_YOUR GOAL_
Please copy, exactly as written, the span from the first line below to the line that contains "lampadario a sospensione, lampade", including both, and skip the pictures.

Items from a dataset
BEGIN

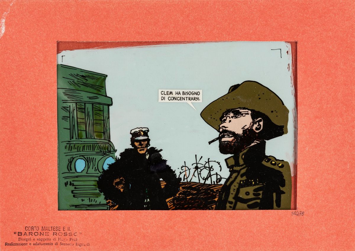 Cel originale su due fogli realizzata dallo Studio Bignardi per "Barone Rosso", episodio della serie su Corto Maltese frutto della collaborazione di Pratt con lo studio di animazione modenese, episodio trasmesso per la prima volta durante la trasmissione SuperGulp! Fumetti in TV nel 1977. (https://www.bignardi.it/filmografia/il-barobne-rosso).
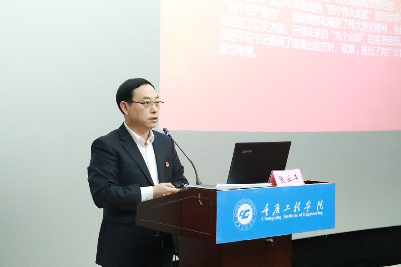 本网讯(文/图 数字艺术学院 李毅)为深入学习贯彻习近平总书记在庆祝中国共产党成立100周年大会上的重要讲话精神,推动“四史”学习教育深入开展,按照学校党委的要求, 10月22日下午,数字艺术学院党总支在阶梯报告厅举行了深入贯彻学习习近平总书记“七一”重要讲话精神宣讲会。本次宣讲会由党委副书记兼常务副校长张业平主讲,数字艺术学院党总支书记徐小辉主持,学院全体师生党员、民主党派代表、教师及学生代表共150余人参加本次活动,报告会历时近2小时。
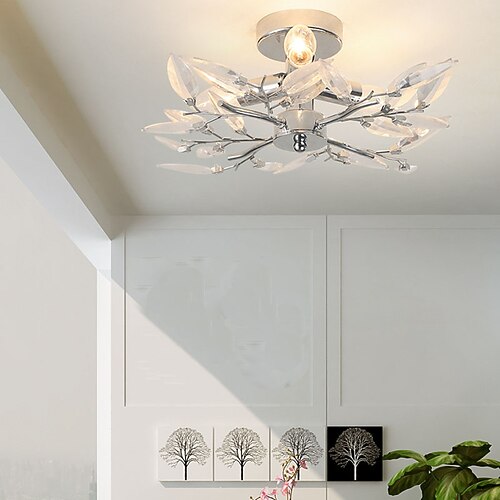 lampadario a sospensione, lampade a sospensione a 2 luci con forma a ramo di foglia trasparente, plafoniera moderna da incasso da 45 cm compatibile con soggiorno, cucina, camera da letto,
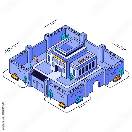 Metro station, flat vector illustration. Isometric city street cross section with subway entrance, train, tunnel, railway platform, escalator, entrance gate, ticket machine, information stand.
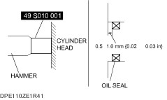 To ensure that the oil seal is installed correctly, measure the distance between the end of the cylinder head and the face of the oil seal. - Camshaft oil seal press-in amount 0.5—1.0 mm {0.02—0.03 in}.
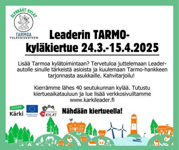 Julkaistu 10.3.2025 Tarmo kyläkiertue 2025 Kärki-Leaderin Tarmo kyläkiertue saapuu Rautjärvelle 7.–9.4. -
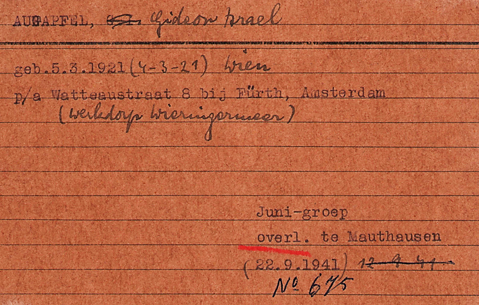 Sohn Gideon Augapfel *4.3.1921 in Wien; ✡22.9.1941 in Mauthausen
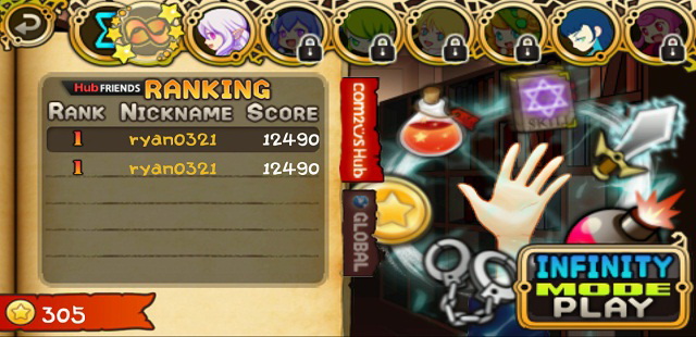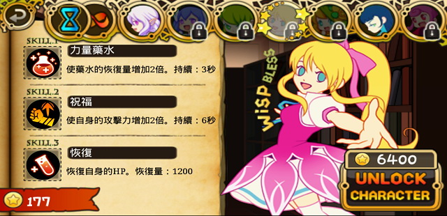 從遊戲上方的介面,可以看到共有七個角色可以選擇,但大部分都需要另外解鎖才能使用
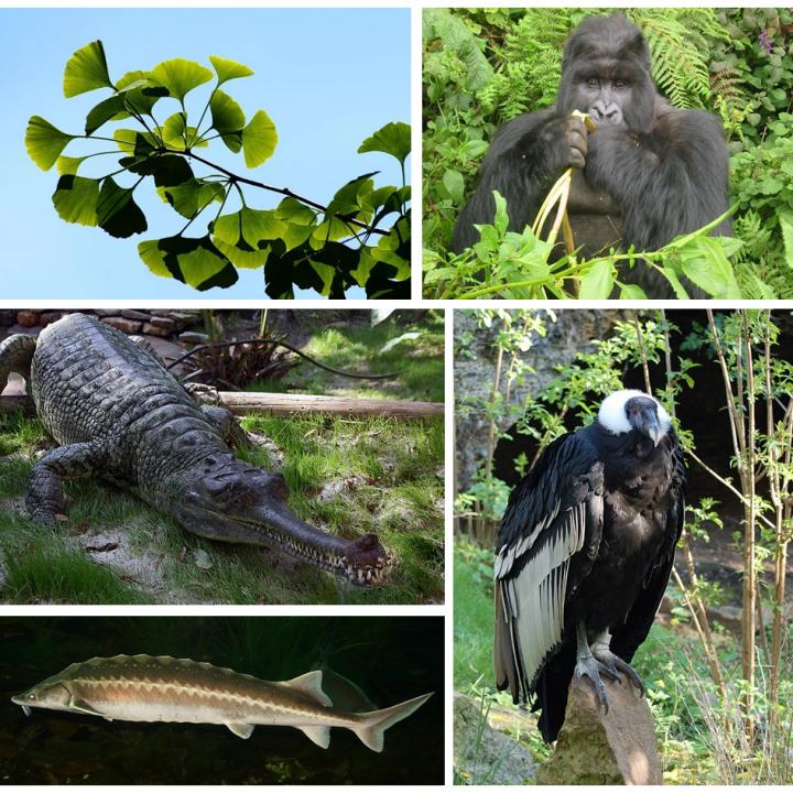 image: The ginkgo, the western gorilla, the gharial, the European sturgeon, and the Andean condor are classified as species in danger of extinction by IUCN. These species exhibit peculiar functional traits such as large size, long lifespan, and late sexual maturity (All photos CC-BY-SA)
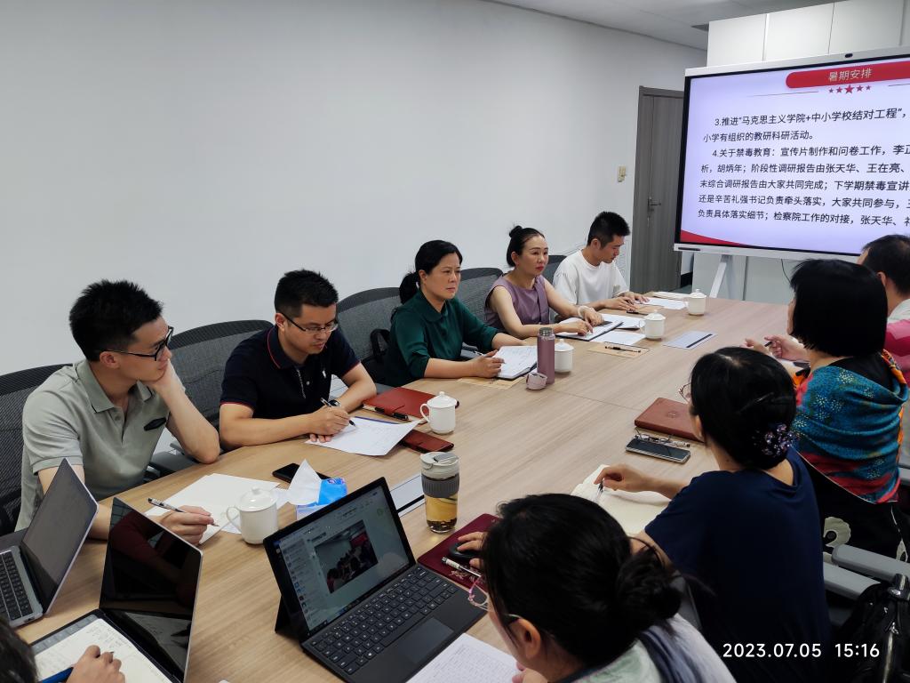7月5日下午,台州市社科联副主席王仲媚及市社科联学会与科研处处长阮静潇、陈桥一行三人来到台州市大中小学思政课一体化研究中心就人文社科研究、平台建设等相关工作进行调研指导,马克思主义学院院长张天华教授主持调研会。

END

_SOLUTION FOR THIS PROBLEM_
 Cel originale su due fogli realizzata dallo Studio Bignardi per "Barone Rosso", episodio della serie su Corto Maltese frutto della collaborazione di Pratt con lo studio di animazione modenese, episodio trasmesso per la prima volta durante la trasmissione SuperGulp! Fumetti in TV nel 1977. (https://www.bignardi.it/filmografia/il-barobne-rosso).
 本网讯(文/图 数字艺术学院 李毅)为深入学习贯彻习近平总书记在庆祝中国共产党成立100周年大会上的重要讲话精神,推动“四史”学习教育深入开展,按照学校党委的要求, 10月22日下午,数字艺术学院党总支在阶梯报告厅举行了深入贯彻学习习近平总书记“七一”重要讲话精神宣讲会。本次宣讲会由党委副书记兼常务副校长张业平主讲,数字艺术学院党总支书记徐小辉主持,学院全体师生党员、民主党派代表、教师及学生代表共150余人参加本次活动,报告会历时近2小时。
 lampadario a sospensione, lampade a sospensione a 2 luci con forma a ramo di foglia trasparente, plafoniera moderna da incasso da 45 cm compatibile con soggiorno, cucina, camera da letto,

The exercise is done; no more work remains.